**** Entries shown

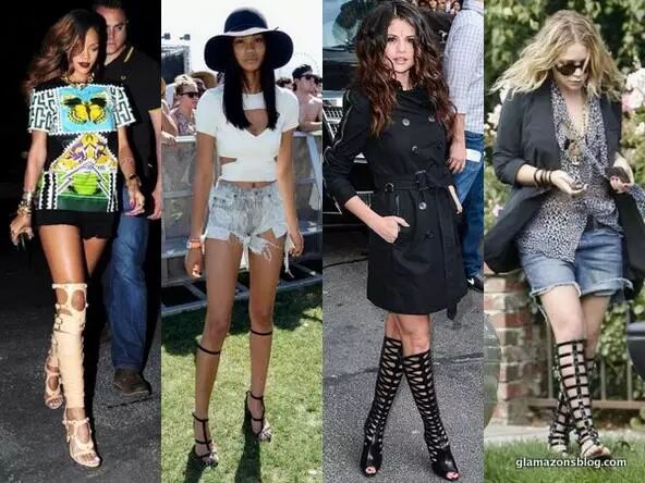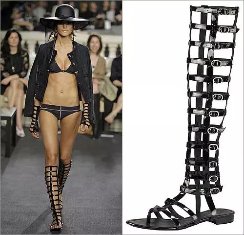 只要看到这种一圈一圈绑带的就是了!以平底居多,高跟的是少数。带子们会把腿“分割”成一块一块,所以 罗马鞋很容易显腿短,肉多的话还会变成粽子。
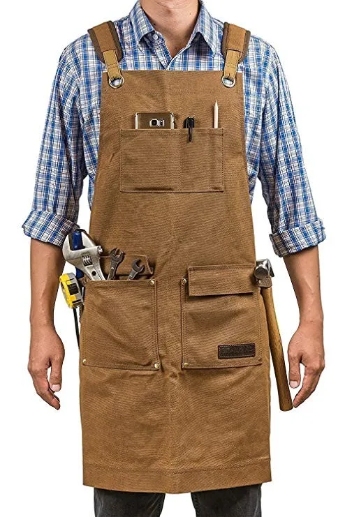 Our Handmade apron are true work-wear, fitting most bodies and activities, offering you great comfort, durability, functionality. It has clean design, with easy access chest pockets and many utility loops so you can carry everything you need. And NO lower pockets that can accumulate hair, nails, or even sharp blades. Sleek apron for a professional look, stylish metal hardware.
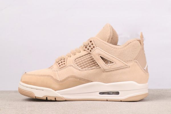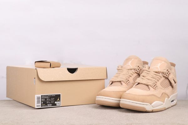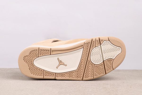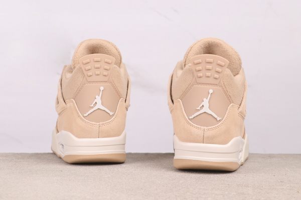 The Air Jordan 4 “Cozy Girl” showcases a soft beige as its principal color. The shoe’s upper is largely composed of this delicate beige, treated with a special suede finish that imparts a fine, velvety texture, reminiscent of being wrapped in a cozy, thin blanket. This color is far from monotonous; it displays a nuanced transition from beige to light camel under varying lighting conditions. This quality not only guarantees a luxurious soft touch but also serves to define functional areas through tonal shifts: the suede at the forefoot is robust and durable, designed for the rigors of daily walking. The mesh on the shoe’s side promotes airflow and breathability. The off-white midsole and outsole act as a visual brightener, establishing a gentle contrast with the beige and apricot tones of the upper, giving the shoe an overall lighter and more open appearance. The laces, made from a matching suede material, integrate flawlessly with the shoe’s design.
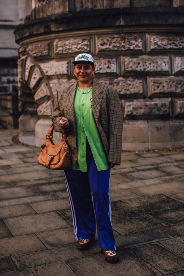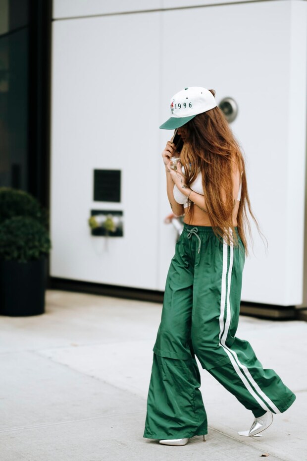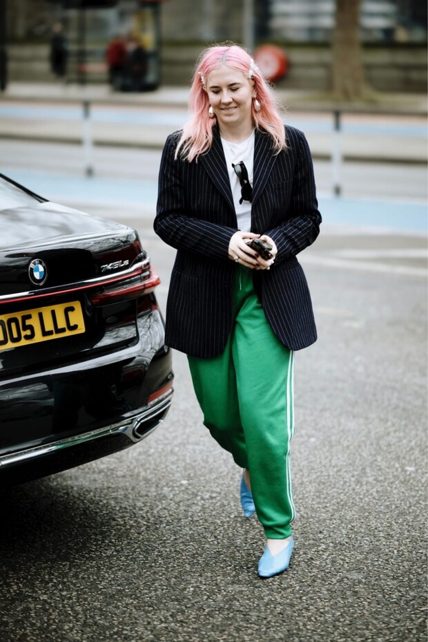 海外ではよりスポーティに見えるネイビーやグリーンのトラックパンツが人気な模様。その分ジャケットやトゥの尖ったヒールなど、ちょっぴりフォーマルな要素をプラスするのが◎。
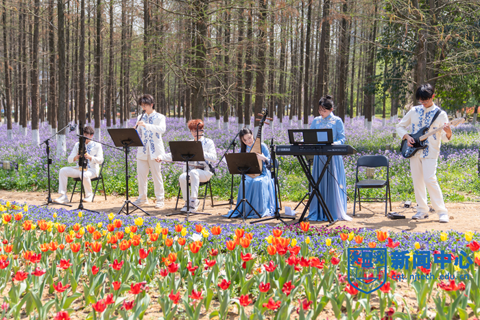 游园会以一场别开生面的“穿越”开场,由大学生话剧团同学扮演的“林黛玉”“贾宝玉”“薛宝钗”“王熙凤”在悠扬的音乐中缓缓走进花丛,举手投足间精湛地演绎将大家带入了充满诗意的大观园。校大学生民乐团、管弦乐团和合唱团为大家现场带来新民乐合奏《兰亭序》、弦乐重奏《茉莉花》、民族歌曲《小河淌水》等经典曲目,赢得现场观众连连喝彩。樱花树下的体验区内,同学们尽情体验书法、汉服、印章的乐趣,让优秀传统文化在互动中焕发新生。此次“游园·音梦”系列还将《红楼梦》与春日游园会进一步结合,开展相关主题的文化讲座、诗词朗诵等活动,深度打造校园文化品牌。
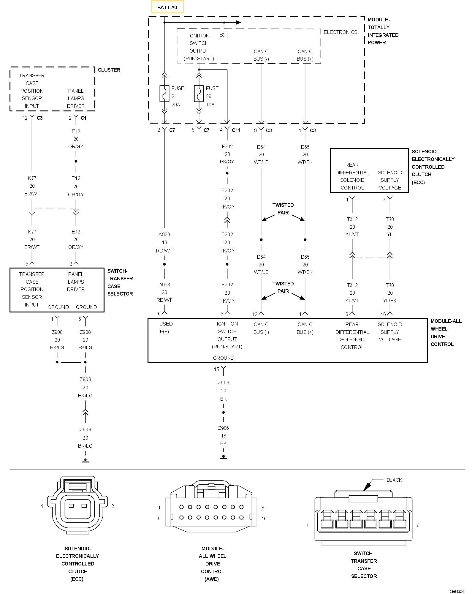 4. With a 12-volt test light connected to ground, check the (A923) Fused B(+) circuit in the AWD Control Module harness connector.

********

■ Work to be completed
Return all the records above exactly, pictures omitted.

■ Exercise response
 只要看到这种一圈一圈绑带的就是了!以平底居多,高跟的是少数。带子们会把腿“分割”成一块一块,所以 罗马鞋很容易显腿短,肉多的话还会变成粽子。
 Our Handmade apron are true work-wear, fitting most bodies and activities, offering you great comfort, durability, functionality. It has clean design, with easy access chest pockets and many utility loops so you can carry everything you need. And NO lower pockets that can accumulate hair, nails, or even sharp blades. Sleek apron for a professional look, stylish metal hardware.
 The Air Jordan 4 “Cozy Girl” showcases a soft beige as its principal color. The shoe’s upper is largely composed of this delicate beige, treated with a special suede finish that imparts a fine, velvety texture, reminiscent of being wrapped in a cozy, thin blanket. This color is far from monotonous; it displays a nuanced transition from beige to light camel under varying lighting conditions. This quality not only guarantees a luxurious soft touch but also serves to define functional areas through tonal shifts: the suede at the forefoot is robust and durable, designed for the rigors of daily walking. The mesh on the shoe’s side promotes airflow and breathability. The off-white midsole and outsole act as a visual brightener, establishing a gentle contrast with the beige and apricot tones of the upper, giving the shoe an overall lighter and more open appearance. The laces, made from a matching suede material, integrate flawlessly with the shoe’s design.
 海外ではよりスポーティに見えるネイビーやグリーンのトラックパンツが人気な模様。その分ジャケットやトゥの尖ったヒールなど、ちょっぴりフォーマルな要素をプラスするのが◎。
 游园会以一场别开生面的“穿越”开场,由大学生话剧团同学扮演的“林黛玉”“贾宝玉”“薛宝钗”“王熙凤”在悠扬的音乐中缓缓走进花丛,举手投足间精湛地演绎将大家带入了充满诗意的大观园。校大学生民乐团、管弦乐团和合唱团为大家现场带来新民乐合奏《兰亭序》、弦乐重奏《茉莉花》、民族歌曲《小河淌水》等经典曲目,赢得现场观众连连喝彩。樱花树下的体验区内,同学们尽情体验书法、汉服、印章的乐趣,让优秀传统文化在互动中焕发新生。此次“游园·音梦”系列还将《红楼梦》与春日游园会进一步结合,开展相关主题的文化讲座、诗词朗诵等活动,深度打造校园文化品牌。
 4. With a 12-volt test light connected to ground, check the (A923) Fused B(+) circuit in the AWD Control Module harness connector.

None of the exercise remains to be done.